Zdaniem polskiego generała, jeśli nie będzie wsparcia przynajmniej na takim poziomie jak w 2023 roku, Ukraina nie będzie mogła przystąpić do wojny.
Śledź nas na facebooku
Wszystkie najświeższe informacje i wiele więcej!
Rok 2024 może być ważny zarówno dla prezydenta Wołodymyra Zełenskiego, jak i samej Ukrainy, a w nowym roku Ukraińcy będą musieli negocjować z Rosją.
Opinię tę wyraził w rozmowie z „Wirtualną Polską” były dowódca polskiej armii, były wiceminister obrony narodowej gen. Waldemar Skrzypczak – relacjonuje „Aktualności„.
„To wyzwanie dla Ukrainy” – podkreśla.
Kolejnym wyzwaniem – mówi Skrzypczak – jest problem, z jakim borykają się Ukraińcy przy mobilizacji armii.
„Jeśli nie będzie mobilizacji, Ukraina nie będzie miała broni do walki. W konsekwencji staje przed faktem, że ma coraz mniejsze możliwości prowadzenia działań zbrojnych w sytuacji, gdy Rosjanie stale zwiększają swoją przewagę nad armią ukraińską.„, powiedział.
Skrzypczak twierdzi, że bez pomocy Zachodu Ukraina nie będzie w stanie odzyskać utraconych terytoriów i będzie zmuszona przystąpić do negocjacji na warunkach Putina.
„Ukraina jest coraz bardziej uwikłana w problemy wewnętrzne wynikające z konfliktów politycznych i militarnych, a także ograniczonego wsparcia ze strony Zachodu. Oczekuje się, że problem ten zostanie rozwiązany w 2024 roku. Niestety, nie na korzyść Ukrainy. Zachód nie jest w stanie dorównać Ukrainie potencjał militarny, a Rosja nie jest w stanie dać Ukrainie szansy. Jest prawdopodobne, że w 2024 r. Ukraina będzie zmuszona „rozpocząć negocjacje z Rosjanami”. Jednak moim zdaniem, skoro Rosjanie tworzą przewagę strategiczną, Ukraińcy będą musieli zaakceptować warunki narzucone przez Kreml” – powiedział polski generał.

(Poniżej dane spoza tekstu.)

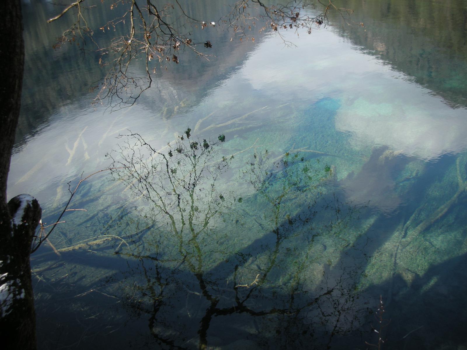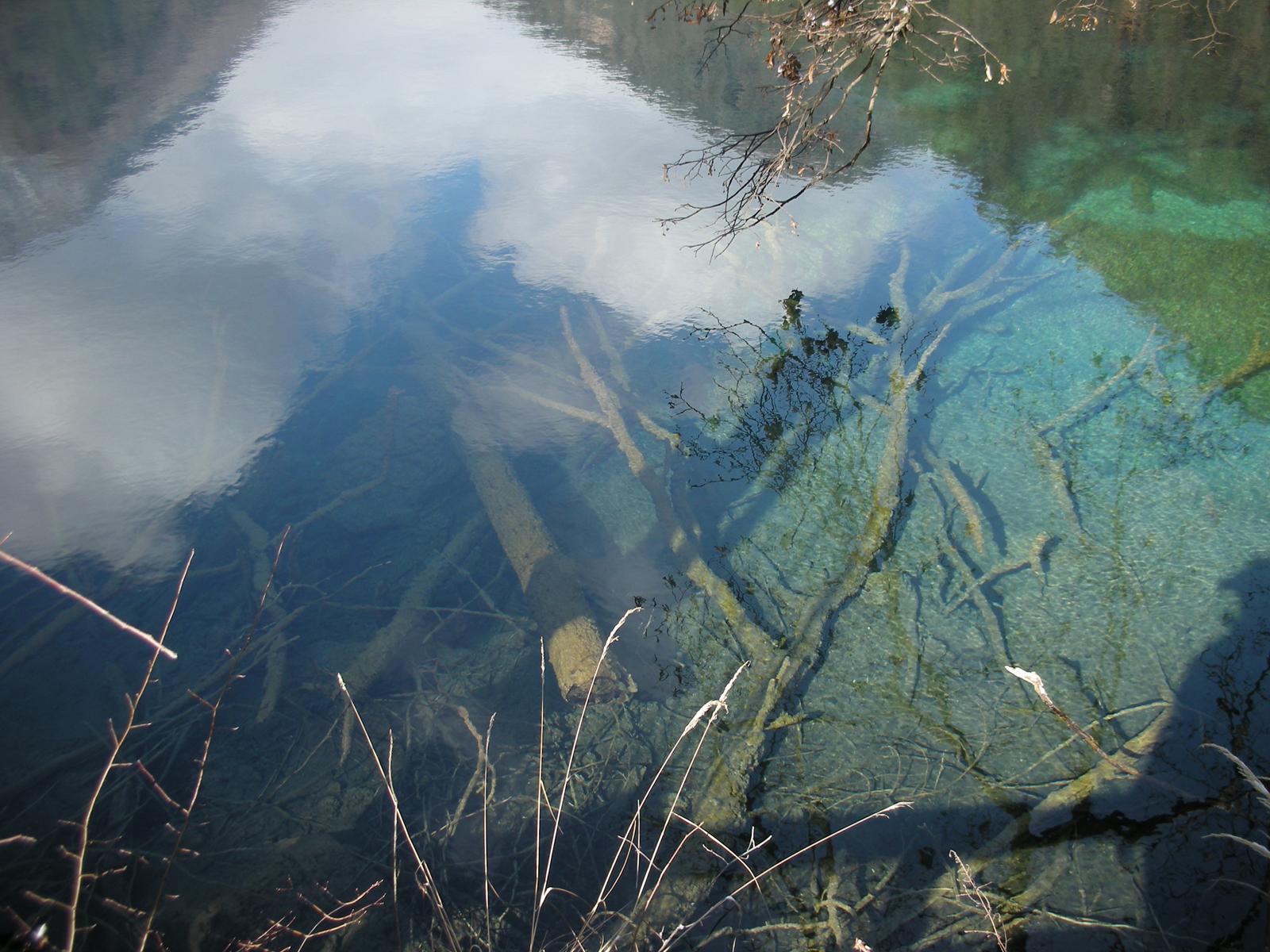 (水に含まれる石灰に浄化作用があるため、湖底に沈んだ大木もくっきり見えます。)
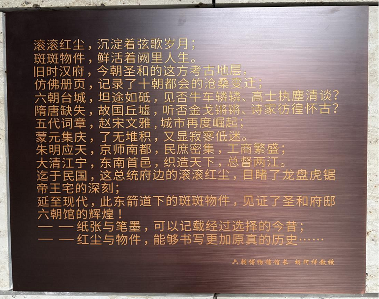 迄于民国,这总统府边的滚滚红尘,目睹了龙盘虎踞帝王宅的深刻;延至现代,此东箭道下的斑斑物件,见证了圣和府邸六朝馆的辉煌!
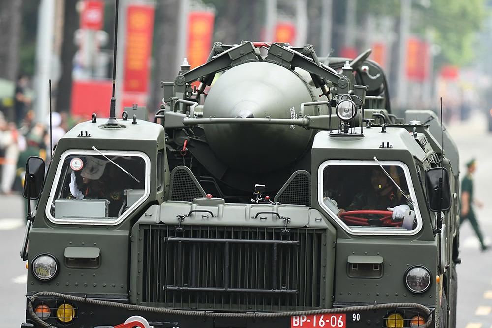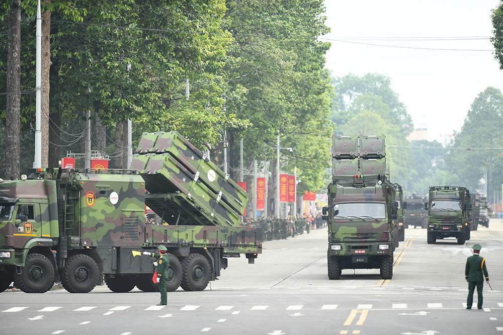 Xe chở Tổ hợp tên lửa Trường Sơn do Tập đoàn Công nghiệp - Viễn thông Quân đội nghiên cứu và sản xuất đi qua các tuyến phố Hà Nội.
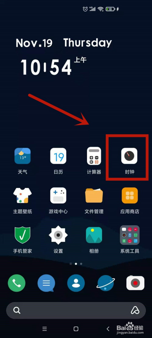 首先在手级塑机桌面,点击进入时钟。
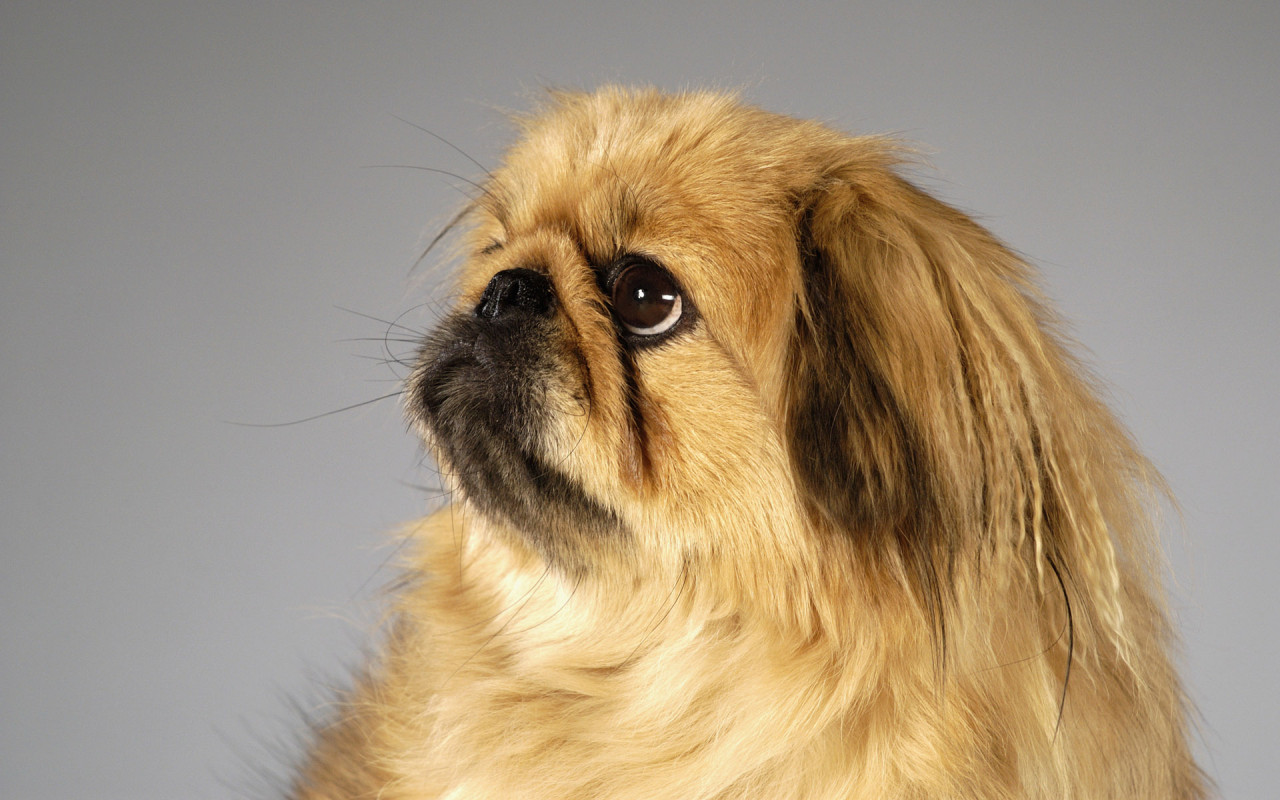Скачать обои для рабочего стола Пекинес на сером фоне и фото
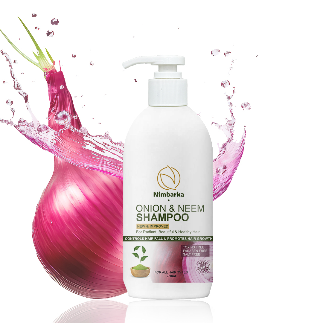 Pollution & unhealthy lifestyle take a toll on hair gowth & overall health of hair. Nimbarka's Onion & Neem Shampoo is a boon for those struggling with hair fall, inhibited hair growth and weak roots. Neem helps fighting stubborn dandruff and improves scalp health making hair roots strong. Onion seed extrat helps revive weak hair follicles and promotes hair growth by clarifying the blocked roots. This shampoo not only improves hair texture, it keeps hair smooth, shiny & frizz-free.

Oskarżył także zachodnich polityków o „rozdarcie różnicami” i brak obrony Ukrainy.
„Zachód stopniowo zdradza Ukrainę. Jeśli się wycofamy, kim jesteśmy? Zdrajcy”, podsumowuje generał Skrzypczak.
uwagi
„Myśliciel. Miłośnik piwa. Miłośnik telewizji. Zombie geek. Żywności ninja. Nieprzejednany gracz. Analityk.”